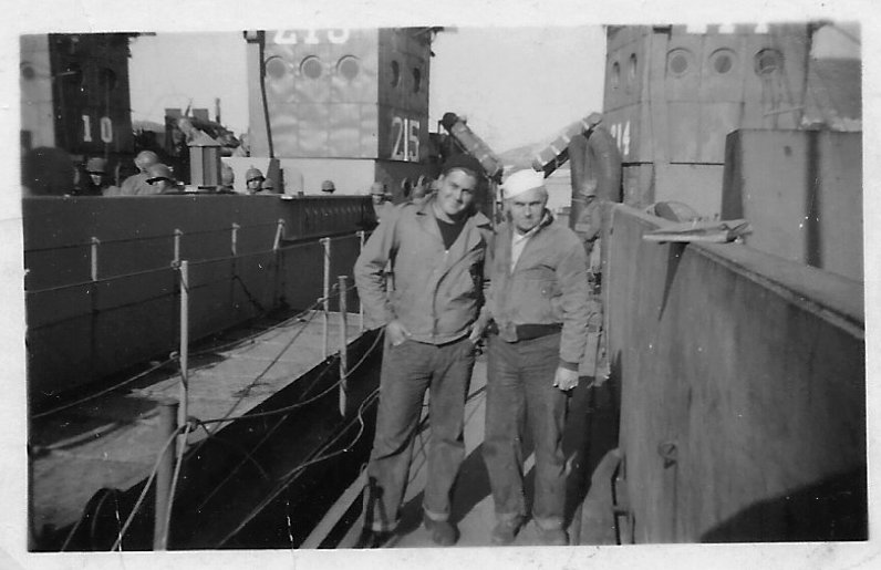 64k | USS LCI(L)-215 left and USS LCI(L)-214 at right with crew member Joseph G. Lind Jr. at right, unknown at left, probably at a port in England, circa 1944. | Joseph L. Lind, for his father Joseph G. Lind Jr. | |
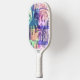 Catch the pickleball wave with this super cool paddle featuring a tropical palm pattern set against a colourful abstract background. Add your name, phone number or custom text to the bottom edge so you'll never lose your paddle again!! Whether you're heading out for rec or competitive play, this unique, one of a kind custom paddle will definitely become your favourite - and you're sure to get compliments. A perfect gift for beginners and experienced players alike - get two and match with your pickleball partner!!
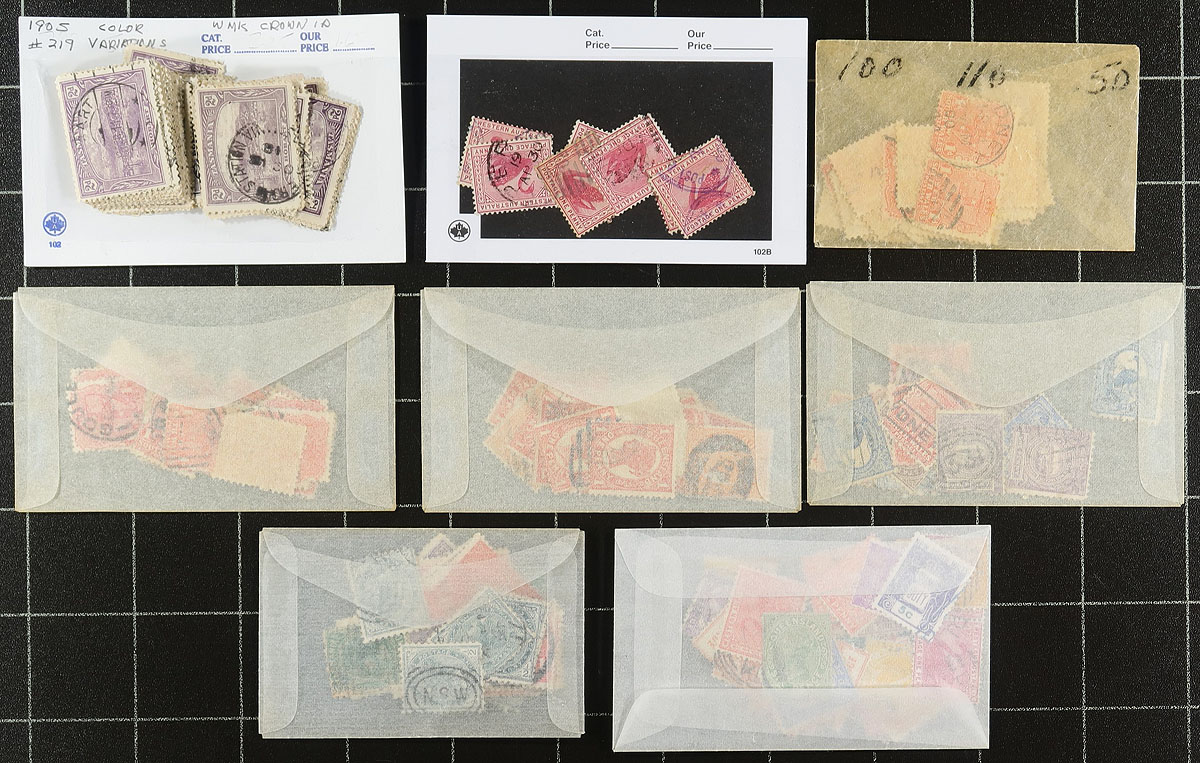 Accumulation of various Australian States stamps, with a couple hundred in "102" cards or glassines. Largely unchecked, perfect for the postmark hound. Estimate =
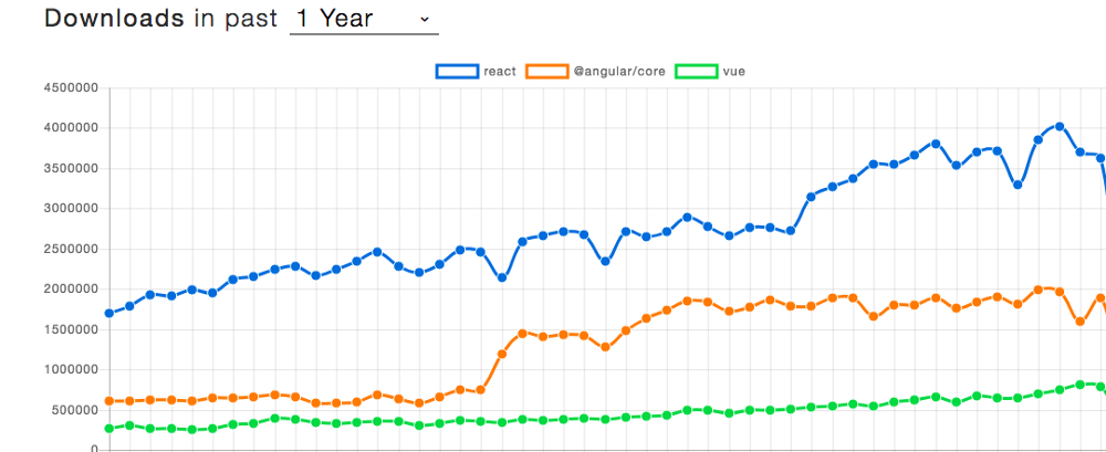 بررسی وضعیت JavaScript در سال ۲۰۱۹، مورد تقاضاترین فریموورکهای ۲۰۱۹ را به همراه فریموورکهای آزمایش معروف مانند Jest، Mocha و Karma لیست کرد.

▶ **PROBLEM DESCRIPTION**
Copy out the data exactly and keep the pictures out.

▶ **TASK OUTPUT**
 64k | USS LCI(L)-215 left and USS LCI(L)-214 at right with crew member Joseph G. Lind Jr. at right, unknown at left, probably at a port in England, circa 1944. | Joseph L. Lind, for his father Joseph G. Lind Jr. | |
 Catch the pickleball wave with this super cool paddle featuring a tropical palm pattern set against a colourful abstract background. Add your name, phone number or custom text to the bottom edge so you'll never lose your paddle again!! Whether you're heading out for rec or competitive play, this unique, one of a kind custom paddle will definitely become your favourite - and you're sure to get compliments. A perfect gift for beginners and experienced players alike - get two and match with your pickleball partner!!
 Accumulation of various Australian States stamps, with a couple hundred in "102" cards or glassines. Largely unchecked, perfect for the postmark hound. Estimate =
 بررسی وضعیت JavaScript در سال ۲۰۱۹، مورد تقاضاترین فریموورکهای ۲۰۱۹ را به همراه فریموورکهای آزمایش معروف مانند Jest، Mocha و Karma لیست کرد.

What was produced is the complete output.